Broadband Tech > Security > Security > Win32:Induc, new concept of file infector?

reply to jeno

Re: Win32:Induc, new concept of file infector?

An important note about this virus:

If you don't have Delphi (version 4, 5 6, or 7) installed, this virus does absolutely nothing. Your anti-virus will report an infected exe as a threat, but it will not harm your system. Simply remove the infected exe.

And for those that do have the above version(s) of Delphi installed, all it does is benignly infect software as described in an earlier post.

Obviously some sort of "proof of concept" that got into the wild.

But of course, malicious forms of this are likely coming. The Delphi community is working to counter that threat. And other development environments are vulnerable as well.

I had a few problems with this virus also.
How do you determine if you have any versions of Delphi installed,and should you uninstall any and all versions of Delphi?

I did a search for all files and folders, and found a Borland Delphi version 7 located in my Win utilities/ hc_plugins/ third party apps folder. Should I delete it?

I'm really confused by this Delphi issue.

Thanks

Delphi isn't "installed" per se. There's two parts here.
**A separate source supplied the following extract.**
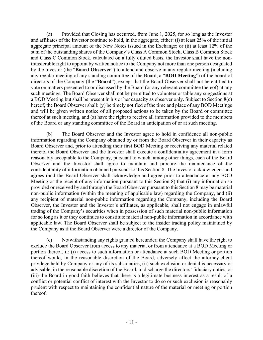 - 11 - (a) Provided that Closing has occurred, from June 1, 2025, for so long as the Investor and affiliates of the Investor continue to hold, in the aggregate, either: (i) at least 25% of the initial aggregate principal amount of the New Notes issued in the Exchange; or (ii) at least 12% of the sum of the outstanding shares of the Company’s Class A Common Stock, Class B Common Stock and Class C Common Stock, calculated on a fully diluted basis, the Investor shall have the non- transferable right to appoint by written notice to the Company not more than one person designated by the Investor (the “Board Observer”) to attend and observe in any regular meeting (including any regular meeting of any standing committee of the Board, a “BOD Meeting”) of the board of directors of the Company (the “Board”), except that the Board Observer shall not be entitled to vote on matters presented to or discussed by the Board (or any relevant committee thereof) at any such meetings. The Board Observer shall not be permitted to volunteer or table any suggestions at a BOD Meeting but shall be present in his or her capacity as observer only. Subject to Section 8(c) hereof, the Board Observer shall: (y) be timely notified of the time and place of any BOD Meetings and will be given written notice of all proposed actions to be taken by the Board or committee thereof at such meeting, and (z) have the right to receive all information provided to the members of the Board or any standing committee of the Board in anticipation of or at such meeting. (b) The Board Observer and the Investor agree to hold in confidence all non-public information regarding the Company obtained by or from the Board Observer in their capacity as Board Observer and, prior to attending their first BOD Meeting or receiving any material related thereto, the Board Observer and the Investor shall execute a confidentiality agreement in a form reasonably acceptable to the Company, pursuant to which, among other things, each of the Board Observer and the Investor shall agree to maintain and procure the maintenance of the confidentiality of information obtained pursuant to this Section 8. The Investor acknowledges and agrees (and the Board Observer shall acknowledge and agree prior to attendance at any BOD Meeting or the receipt of any information pursuant to this Section 8) that (i) any information so provided or received by and through the Board Observer pursuant to this Section 8 may be material non-public information (within the meaning of applicable law) regarding the Company, and (ii) any recipient of material non-public information regarding the Company, including the Board Observer, the Investor and the Investor’s affiliates, as applicable, shall not engage in unlawful trading of the Company’s securities when in possession of such material non-public information for so long as it or they continues to constitute material non-public information in accordance with applicable law. The Board Observer shall be subject to the insider trading policy maintained by the Company as if the Board Observer were a director of the Company. (c) Notwithstanding any rights granted hereunder, the Company shall have the right to exclude the Board Observer from access to any material or from attendance at a BOD Meeting or portion thereof, if: (i) access to such information or attendance at such BOD Meeting or portion thereof would, in the reasonable discretion of the Board, adversely affect the attorney-client privilege held by Company or any of its subsidiaries, (ii) such exclusion or denial is necessary or advisable, in the reasonable discretion of the Board, to discharge the directors’ fiduciary duties, or (iii) the Board in good faith believes that there is a legitimate business interest as a result of a conflict or potential conflict of interest with the Investor to do so or such exclusion is reasonably prudent with respect to maintaining the confidential nature of the material or meeting or portion thereof.

The first part is the Delphi compiler, and the second part is the software compiled with it. Let's go over a very high-level view of what's happening here.

Where this starts is in the library files used by the Delphi compiler. This virus infects the library source files, and the end result is that whenever a program is compiled with the Delphi compiler, the program itself now contains the virus.

Then, the person/company that compiled that program puts it up on their website or distributes it however they choose, which allows the virus to spread to other machines. When the virus hits another machine, it checks to see if a Delphi compiler is present, and if so then it infects the compiler so that now this compiler also includes the virus in any programs made with it.

And if you have a Delphi compiler on your system - which would probably mean you're writing programs using some form of an Integrated Development Environment such as Borland Delphi or CodeGear Delphi - then the concern would be to make sure your libraries aren't infected. I'll take a bet that you don't have a Delphi compiler on your system, but if you do, then it'd be a good idea to check it out.

The part you're probably interested in is the second part - where the program obtained from the author contains the virus. It's important to note that simply having programs that were written using Delphi are just fine. The thing we're focused on here is if the file contains the virus code. If it does, then the virus needs to go, but if not, then it's alright to have.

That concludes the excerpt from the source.